Image: A three-dimensional (3D) printed microfluidic probe. Cube-shaped and green-colored, this probe is about the size of a ring box; however, the design can be printed in many sizes (Photo courtesy of NYU Abu Dhabi).
A detailed protocol for producing microfluidic probes (MFPs) by simple three-dimensional (3D) printing was evaluated and made public for the general research community.

Currently, MFPs cannot be easily produced on demand due to their complex fabrication procedures and are expensive to manufacture in large quantities because of the assembly procedures that are required.

In a novel use of recent technical innovations, investigators at NYU Abu Dhabi (United Arab Emirates) fabricated MFPs in a single step by stereolithographic three-dimensional printing and benchmarked their performance compared to standard MFPs fabricated via glass or silicon micromachining.

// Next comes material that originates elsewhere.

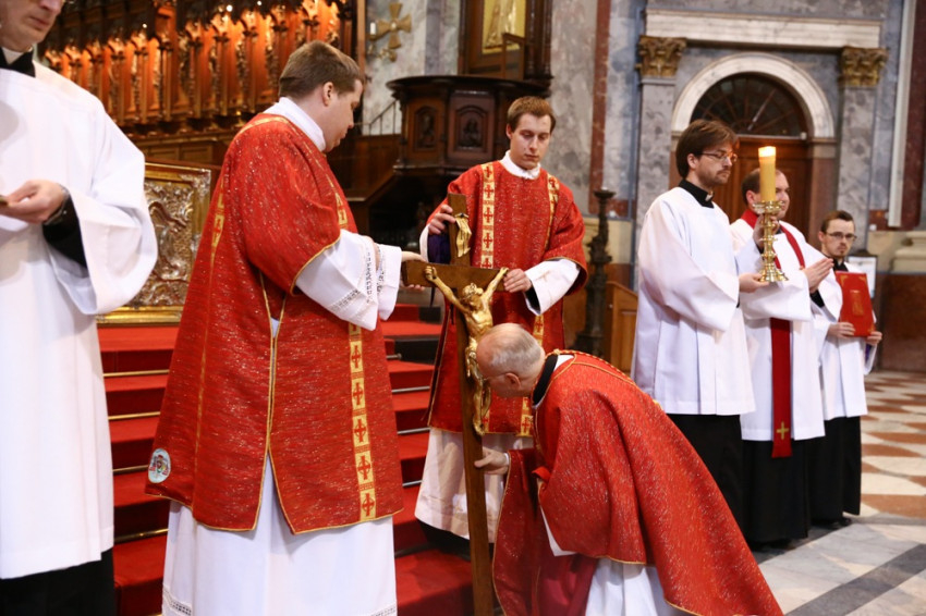 A szertartás kezdetén Erdő Péter bíboros leborult az oltár előtt, majd következett az igeliturgia, melynek részeként a szenvedéstörténetet, a passiót közösen énekelve adta elő a bazilika énekkara és az esztergomi Érseki Papnevelő Intézet növendékei, drámai módon idézve fel Krisztus szenvedését, az Isten irántunk való szeretetének titkát.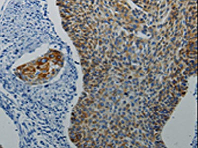 • The image on the left is immunohistochemistry of paraffin-embedded Human cervical cancer tissue using CSB-PA695604(DRD4 Antibody) at dilution 1/5, on the right is treated with synthetic peptide. (Original magnification: ×200)

Stereolithography is an additive manufacturing process that operates by focusing an ultraviolet (UV) laser on to a vat of photopolymer resin. With the help of computer aided manufacturing or computer-aided design (CAM/CAD) software, the UV laser is used to draw a pre-programmed design or shape on to the surface of the photopolymer vat. Photopolymers are sensitive to ultraviolet light, so the resin is photochemically solidified and forms a single layer of the desired three-dimensional object. Then, the build platform lowers one layer, and a blade recoats the top of the tank with resin.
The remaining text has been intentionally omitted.